Justice Scalia writes at length, and with ill-concealed contempt, for efforts to eliminate the individual right to keep and bear arms by facile manipulation of the prefatory “well-regulated militia” clause, happily following the jurisprudential practice of recent decades of including a thorough and comprehensive survey of the relevant history.

And he concludes:

There seems to us no doubt, on the basis of both the text and history, that the Second Amendment conferred an individual right to keep and bear arms.

But, no sooner does Justice Scalia arrive at his bold conclusion than he begins retreating from its implications and striving actively to limit its practical consequences.

Like most rights, the right secured by the Second Amendment is not unlimited. From Blackstone through the 19th-century cases, commentators and courts routinely explained that the right was not a right to keep and carry any weapon whatsoever in any manner whatsoever and for whatever purpose. …

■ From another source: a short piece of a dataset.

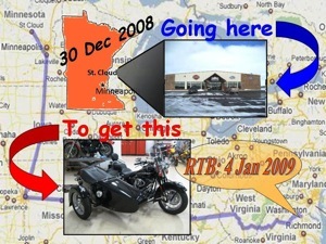 My plan seemed simple enough. Get north, sign papers, ride south. Don filled in the blanks. Train to Chicago; rental car to St. Cloud, hotel accommodations, etc, etc. Don would also fill the sidecar and he didn’t even complain about being called "ballast."

Although we do not undertake an exhaustive historical analysis today of the full scope of the Second Amendment, nothing in our opinion should be taken to cast doubt on longstanding prohibitions on the possession of firearms by felons and the mentally ill, or laws forbidding the carrying of firearms in sensitive places such as schools and government buildings, or laws imposing conditions and qualifications on the commercial sale of arms.

We also recognize another important limitation on the right to keep and carry arms. Miller said, as we have explained, that the sorts of weapons protected were those “in common use at the time.” 307 U. S., at 179. We think that limitation is fairly supported by the historical tradition of prohibiting the carrying of “dangerous and unusual weapons.”

It may be objected that if weapons that are most useful in military service—M-16 rifles and the like—may be banned, then the Second Amendment right is completely detached from the prefatory clause. But as we have said, the conception of the militia at the time of the Second Amendment’s ratification was the body of all citizens capable of military service, who would bring the sorts of lawful weapons that they possessed at home to militia duty. It may well be true today that a militia, to be as effective as militias in the 18th century, would require sophisticated arms that are highly unusual in society at large. Indeed, it may be true that no amount of smallarms could be useful against modern-day bombers and tanks. But the fact that modern developments have limited the degree of fit between the prefatory clause and the protected right cannot change our interpretation of the right.

In the end, the ruling merely affirms the existence of the individual right to keep and bears arms, and strikes down the District of Columbia’s ban on handgun possession in the home and its requirement that lawful firearms kept in a home be inoperable. It specifically declines to address licensing requirements (which Heller failed to challenge). Insofar as the Court affirms a right of self defense, it has done so only with respect to one’s home.

The moderation of Scalia’s opinion is likely to make its power as a decision stronger rather than weaker though, and District of Columbia v. Heller signals a major reversal in the direction of Constitutional Law at the Supreme Court level.